Каким ты будешь, родной, незнакомый человек? Сколько пережито, просто не верится, что и в наш дом стучится простое и такое желанное человеческое счастье!
* ЧАСТЬ ЧЕТВЕРТАЯ *
По шахтному двору, меж ржавых, искореженных стоек, метались желтые осенние листья. Дул резкий восточный ветер, еще не холодный, но уже достаточно остывший от почти тропической жары минувшего лета. Террикон дымился, и, когда на его верхушке опрокидывалась вагонетка, дым, смешавшись с облаком пыли, плыл прямо на копер и растворялся в его фермах, канатах, вращающихся шкивах.
— Где будет проходить встреча? — каким-то не своим голосом спросил я у человека, который встретил меня у проходной и, назвавшись парторгом этой шахты, теперь сопровождал.
— В нарядной, — ответил он и посмотрел на меня. — Нам надо уложиться в двадцать пять — тридцать минут. Сами понимаете… План хоть и даем, но задолженность прошлого месяца… — И он выразительно постукал себя по шее ребром ладони.

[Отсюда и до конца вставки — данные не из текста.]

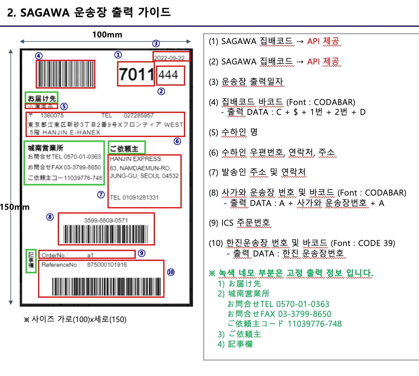 주문 접수 시점에 우편번호 기반으로 사가와 마스트팩에서 영업소코드, 지역코드를 찾습니다.
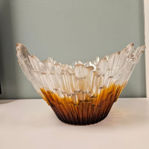 Röd glaskula med bubblor. Diameter cirka 8 cm.
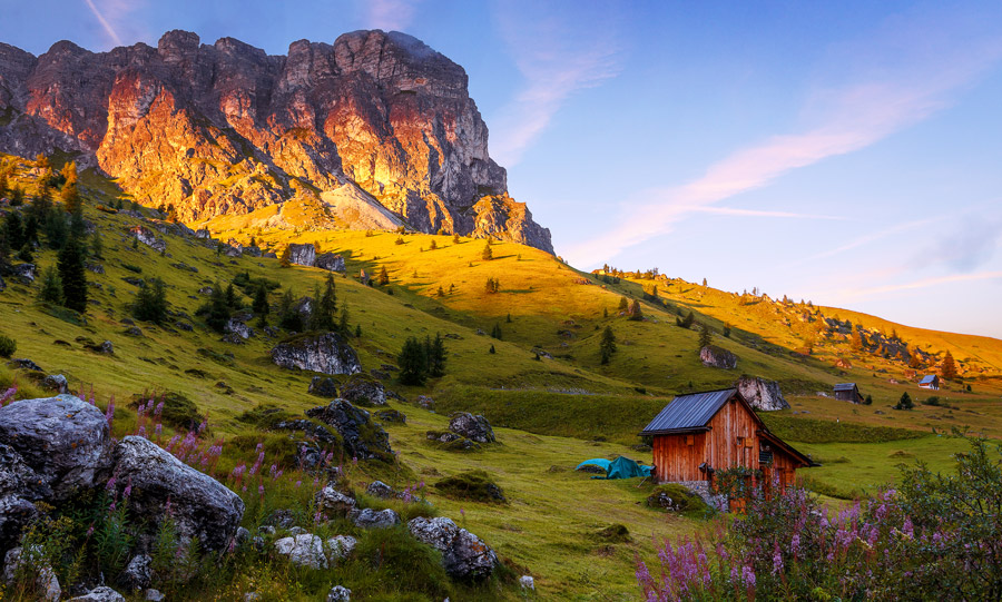The deep valleys, towering cliffs, alpine meadows and snow-capped summits of the Dolomites come together to form arguably the most exquisite mountain landscape in the world. Situated in the heart of this breathtaking scenery is Cortina D'Ampezzo, often referred to as the 'pearl of the Dolomites'. From this base, you have immediate access to hiking trails, allowing you to explore the interior of the Dolomites and the smaller massifs of Tre Cime and Cinque Torre.

'Предоставит слово, поздороваюсь, передам привет от писателей… Нет, здороваться не надо. Сразу привет и рассказ-биографию. Родился, учился, работал… А может, не надо родился, учился? Если не получится, прочту отрывок из повести. А кто страницу перевернет? Нет, родился, учился надо'.
Из боковой двери мы вошли в нарядную и сели за длинный стол, покрытый красным материалом. Посередине стоял графин. Шахтеры сидели в трех шагах. После долгой разлуки я вновь видел их лица, дышал с ними одним воздухом. Их было человек сто, а может, больше. 'Раз, два, три, четыре…' — торопливо начал я зачем-то считать сидящих в переднем ряду. В нарядной стало тихо. Так тихо, что было слышно, как на копре со свистящим хрустом трутся канаты о вращающиеся шкивы. В последнем ряду кто-то поднялся, пристально посмотрел на меня и сел. 'Расскажу биографию', — решил я. Скуластый парень с густой рыжей шевелюрой в переднем ряду осторожно кашлянул в кулаки плотнее уселся на стул. 'Проходчик, — подумал я. — На Игоря похож. А может, отрывок прочитать? Про то, как Сергей Петров впервые в забой попал'. Опять кто-то приподнялся и тут же сел.
— Товарищи! — встал парторг. — У нас в гостях писатель Титов… — Он замялся.
— Владислав, — подсказал я.
— Владислав, — повторил он. — Автор повести 'Всем смертям назло…', в недавнем прошлом тоже шахтер, горный мастер, но во время аварии…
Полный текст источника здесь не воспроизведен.